### THE TASK
What are the lines below, starting at the line containing "Collectible! George Segal" and ending at the line containing "見圳客戶端?深圳新聞網(wǎ"? Write them out exactly, ends included, without pictures.

### RAW DATA

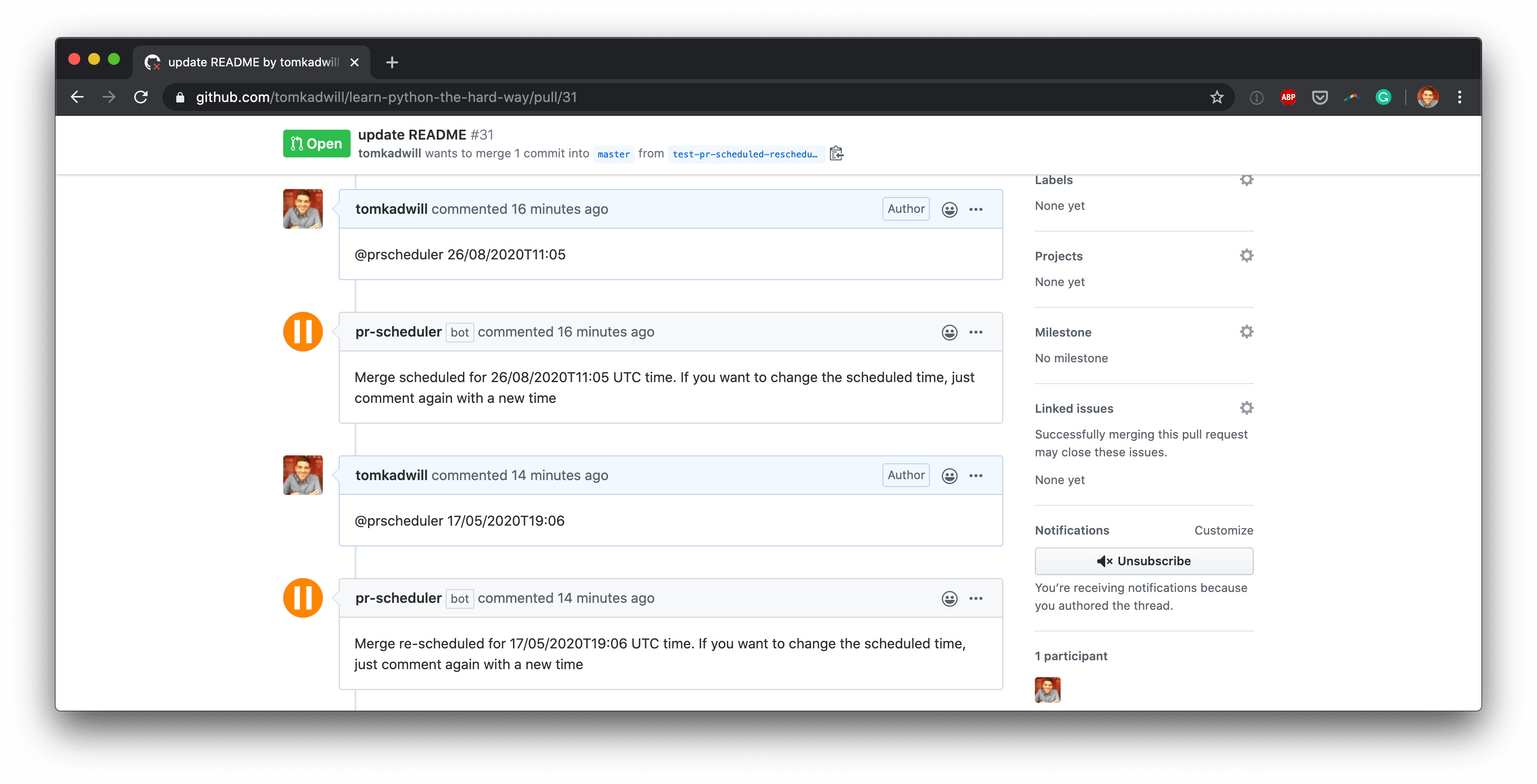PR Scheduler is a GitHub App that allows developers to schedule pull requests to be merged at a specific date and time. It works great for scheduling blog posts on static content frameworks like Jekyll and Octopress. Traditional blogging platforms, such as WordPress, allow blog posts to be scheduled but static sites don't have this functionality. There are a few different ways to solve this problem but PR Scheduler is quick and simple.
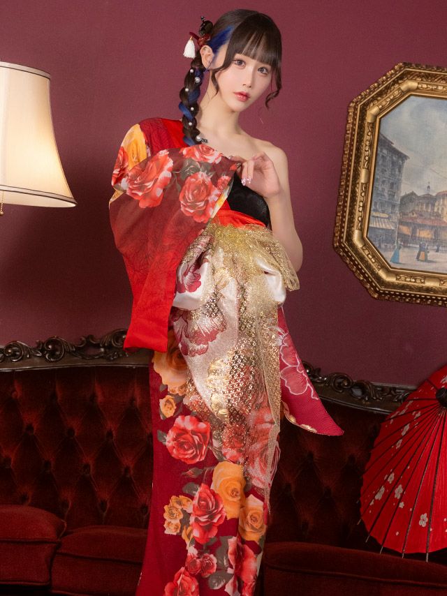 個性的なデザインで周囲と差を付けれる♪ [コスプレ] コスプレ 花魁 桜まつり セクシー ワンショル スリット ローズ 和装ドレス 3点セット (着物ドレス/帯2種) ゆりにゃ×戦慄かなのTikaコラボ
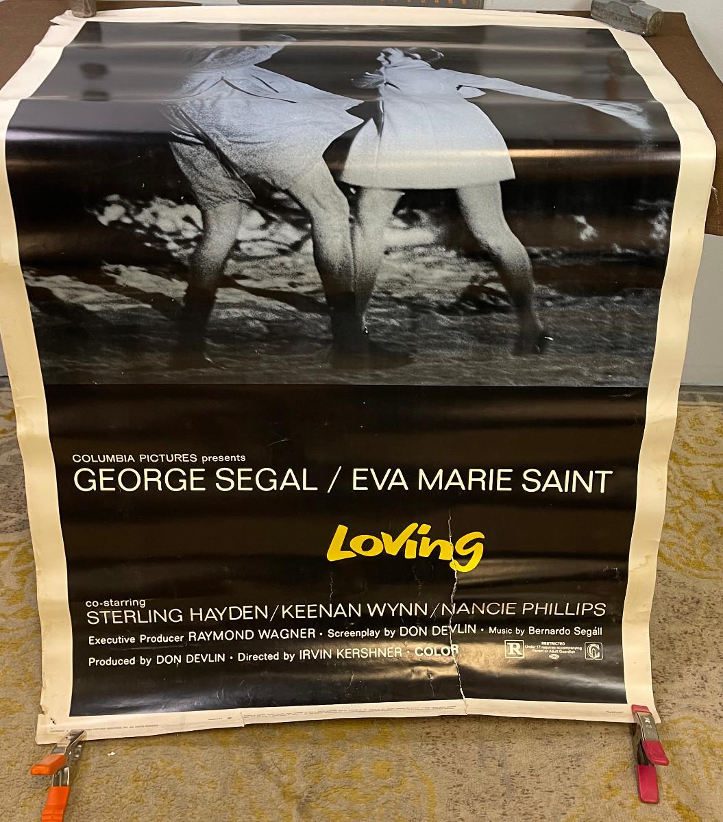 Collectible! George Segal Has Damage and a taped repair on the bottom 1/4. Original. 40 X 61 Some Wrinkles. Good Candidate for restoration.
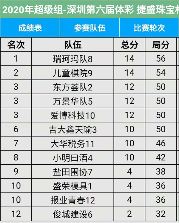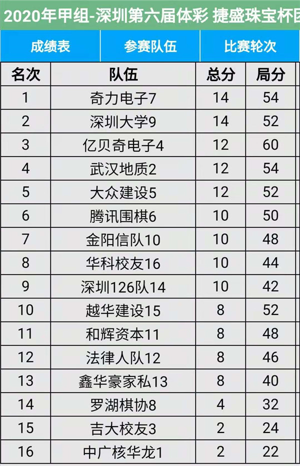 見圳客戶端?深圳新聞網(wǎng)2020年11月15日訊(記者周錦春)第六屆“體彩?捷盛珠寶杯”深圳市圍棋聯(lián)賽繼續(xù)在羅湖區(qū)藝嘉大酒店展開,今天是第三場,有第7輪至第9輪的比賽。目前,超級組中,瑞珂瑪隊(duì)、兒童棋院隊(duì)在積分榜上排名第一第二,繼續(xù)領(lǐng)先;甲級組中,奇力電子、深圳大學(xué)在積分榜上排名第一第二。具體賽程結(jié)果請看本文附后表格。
* * *
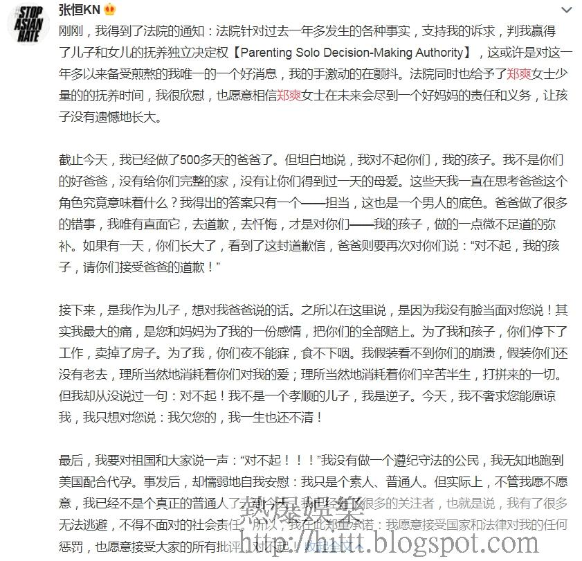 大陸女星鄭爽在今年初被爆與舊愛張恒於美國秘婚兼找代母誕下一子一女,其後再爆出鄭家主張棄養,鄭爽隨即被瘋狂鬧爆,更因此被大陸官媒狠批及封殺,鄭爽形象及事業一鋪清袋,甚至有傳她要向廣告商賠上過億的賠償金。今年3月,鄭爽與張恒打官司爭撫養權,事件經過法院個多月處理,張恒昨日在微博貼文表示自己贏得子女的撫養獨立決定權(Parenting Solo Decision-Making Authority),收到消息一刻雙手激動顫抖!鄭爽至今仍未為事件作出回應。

### ANSWER AREA
 Collectible! George Segal Has Damage and a taped repair on the bottom 1/4. Original. 40 X 61 Some Wrinkles. Good Candidate for restoration.
 見圳客戶端?深圳新聞網(wǎng)2020年11月15日訊(記者周錦春)第六屆“體彩?捷盛珠寶杯”深圳市圍棋聯(lián)賽繼續(xù)在羅湖區(qū)藝嘉大酒店展開,今天是第三場,有第7輪至第9輪的比賽。目前,超級組中,瑞珂瑪隊(duì)、兒童棋院隊(duì)在積分榜上排名第一第二,繼續(xù)領(lǐng)先;甲級組中,奇力電子、深圳大學(xué)在積分榜上排名第一第二。具體賽程結(jié)果請看本文附后表格。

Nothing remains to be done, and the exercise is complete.